When you reach the line containing "Porte-clés pratique en" in the data below, begin returning lines exactly as written, and stop once the line containing "Gemüse schälen und" has been returned.

SUPPLIED DATA:
______

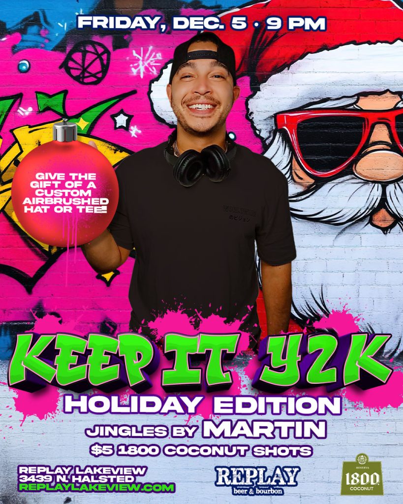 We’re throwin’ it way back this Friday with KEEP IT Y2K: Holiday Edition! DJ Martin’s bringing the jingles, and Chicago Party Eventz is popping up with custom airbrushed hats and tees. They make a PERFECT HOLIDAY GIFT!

______

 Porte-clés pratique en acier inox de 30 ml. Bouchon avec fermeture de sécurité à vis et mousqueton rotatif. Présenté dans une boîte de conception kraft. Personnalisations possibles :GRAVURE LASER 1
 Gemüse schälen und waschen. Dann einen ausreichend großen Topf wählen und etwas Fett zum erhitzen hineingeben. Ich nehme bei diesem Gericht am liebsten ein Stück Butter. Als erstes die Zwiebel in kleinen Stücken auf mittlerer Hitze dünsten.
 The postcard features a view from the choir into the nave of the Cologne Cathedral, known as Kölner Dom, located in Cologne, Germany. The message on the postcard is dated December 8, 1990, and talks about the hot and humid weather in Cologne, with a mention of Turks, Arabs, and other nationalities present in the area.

______

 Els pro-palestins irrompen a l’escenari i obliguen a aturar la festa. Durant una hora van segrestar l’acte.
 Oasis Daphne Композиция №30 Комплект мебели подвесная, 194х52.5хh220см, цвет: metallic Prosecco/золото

______

TASK RESPONSE:
 Porte-clés pratique en acier inox de 30 ml. Bouchon avec fermeture de sécurité à vis et mousqueton rotatif. Présenté dans une boîte de conception kraft. Personnalisations possibles :GRAVURE LASER 1
 Gemüse schälen und waschen. Dann einen ausreichend großen Topf wählen und etwas Fett zum erhitzen hineingeben. Ich nehme bei diesem Gericht am liebsten ein Stück Butter. Als erstes die Zwiebel in kleinen Stücken auf mittlerer Hitze dünsten.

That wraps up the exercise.